Remix.run Logo
empath75 3 days ago

Models will engage in post-hoc rationalizations, so you can't trust their purported reasoning -- in particular, if you sneak an answer into the context (even an incorrect answer), it will provide reasoning for giving you that as the final answer, even if the answer is wrong. So, it could be arguing backwards from an answer that is in it's training data, you can't possibly tell that it isn't from its reasoning.

On the other hand we do know the training cut off of these models, so you could easily create a corpus of post-cut off Connections with confidence that it doesn't have access to them.

scrollaway 3 days ago | parent [-]

We didn't test using post-hoc reasoning. Instead, we focused on checking whether specific, obscure questions could be recognized or identified in any way, using various ad-hoc methods to see if the answers could be surfaced without relying on reasoning.
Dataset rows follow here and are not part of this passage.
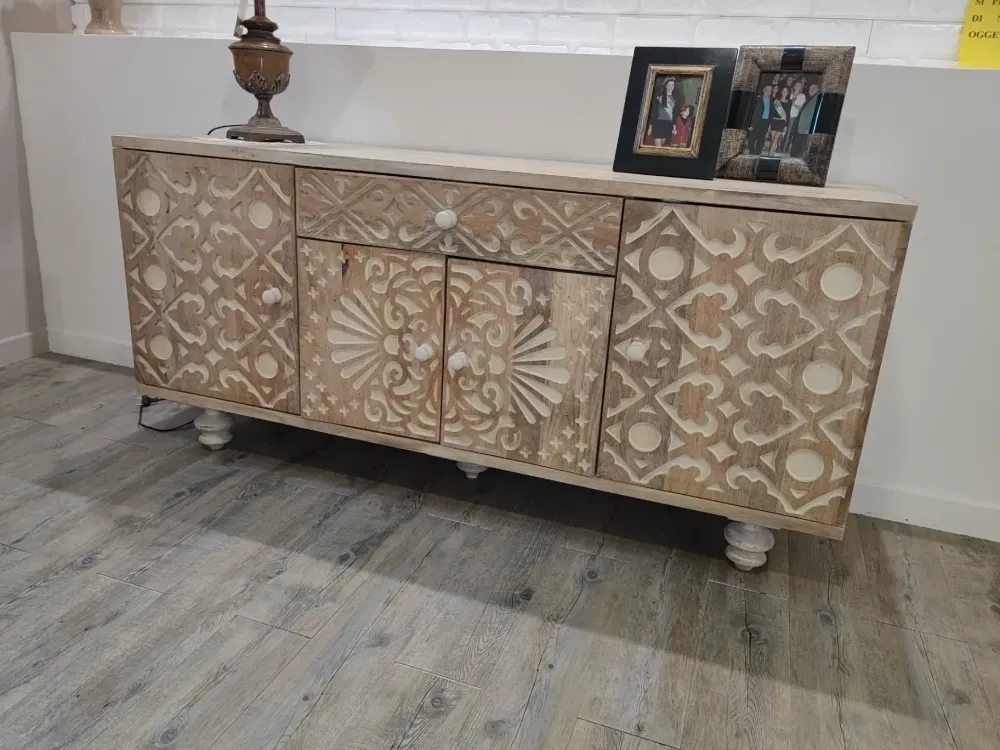 Madia in massello di legno mango l.160 h.75 p.45 con intarsio pantografato a prezzo scontato.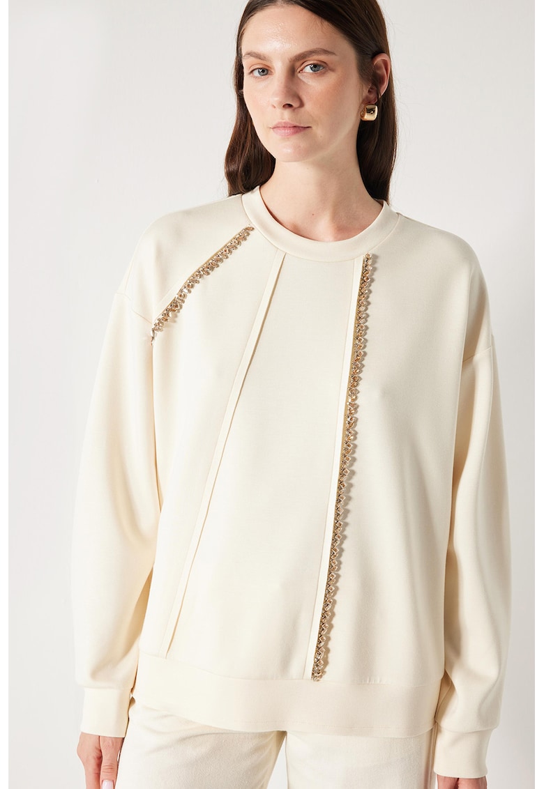 Суитшърт с паднали ръкави и декоративни камъни – Златист/Крем Ipekyol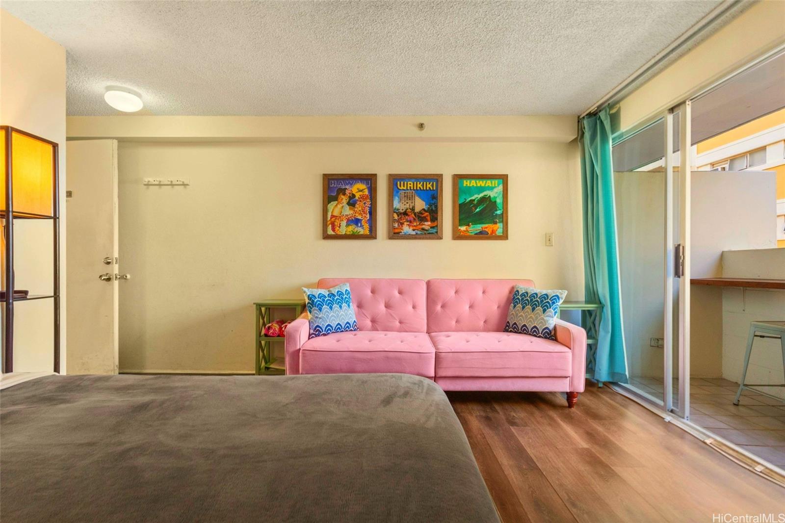 Iconic Waikiki getaway in the sought-after 05 stack! This Fee Simple legal short-term rental studio is known for its famous "Pink Couch"—featured in Forbes, Business Insider, and other top travel/Airbnb “best of” roundups—and it delivers the kind of stay guests remember. Step onto your lanai and enjoy ocean views and island breezes, all just minutes to Waikiki Beach, world-class dining, and shopping. Sold fully furnished, with strong rental history and solid income potential, this is a true turnkey opportunity. Building major improvements including spalling/painting (2020–2021) and a lobby renovation (2022–2024) with new automatic entry doors and refreshed artwork. Operations were also updated with a redesigned security area, FOB access, registration kiosk, and key vault system. Enjoy an on-site Resident Manager, security, surfboard storage, and bike racks. For added guest convenience, optional paid luggage storage is available for early arrivals/late departures so guests can explore hands-free. Maintenance fee includes electric & water (not sub metered), hot water, cable, internet, on-site management & security. Monthly special assessment through Dec 2027, prorated at closing. Listing by: Redfin Corporation (808) 201-2821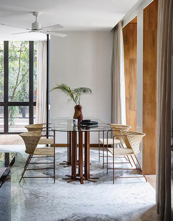 Brass, copper, steel and other alloys are magically fused with various materials like natural stone, wood and glass to create designs such as stylised flora and fossil forms, as well as geometric gridlines evoking, Mondrian motifs to pinstripes mimicking Savile Row suits.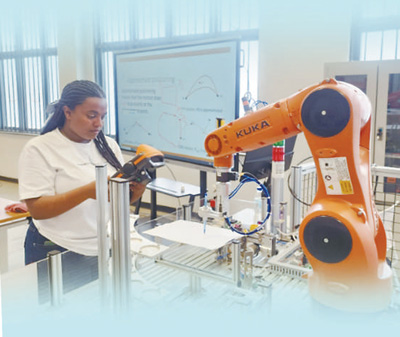 埃塞俄比亞魯班工坊由天津職業(yè)技術(shù)師范大學(xué)與埃塞聯(lián)邦職業(yè)技術(shù)培訓(xùn)學(xué)院合作建立,于2021年4月揭牌啟運,聚焦人工智能領(lǐng)域,對接當(dāng)?shù)睾献髟盒5碾姎庾詣踊c控制技術(shù)管理等專業(yè)。圖為當(dāng)?shù)貙W(xué)生在操作工業(yè)機(jī)器人。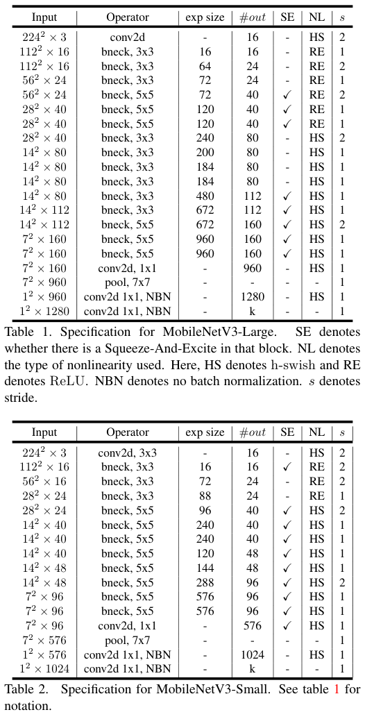 위 Table 1에서는 MobileNetV3-Large의 구조를, Table 2에서는 MobileNetV3-Small의 구조를 보여준다.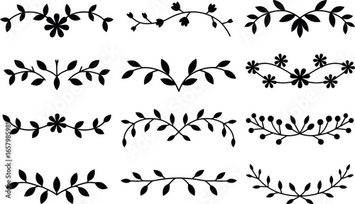 Elegant Black Floral Swirl Dividers: Simple Vector Graphics for Design

It's very difficult to prove either way (and basically impossible without the model weights), but we're reasonably confident that there's no significant prior knowledge of the questions that would affect the score.

mr_wiglaf 3 days ago | parent [-]

I'm new to this sort of inquiry. What do you do to see if questions can be recognized? Do you just ask/prompt "do you recognize this puzzle?"

What does it mean for it to "be surfaced without relying on reasoning"?

scrollaway 3 days ago | parent [-]

> Do you just ask/prompt "do you recognize this puzzle?"

In essence, yes, but with a bit more methodology (though as I mentioned it was all ad-hoc).

We've tried to extract pre-existing questions as well through a variety of "You are a contestant on the british TV show Only Connect" and see if it can recognize questions - couldn't find anything that reliably reproduced preexisting knowledge. It's absolutely possible we missed something.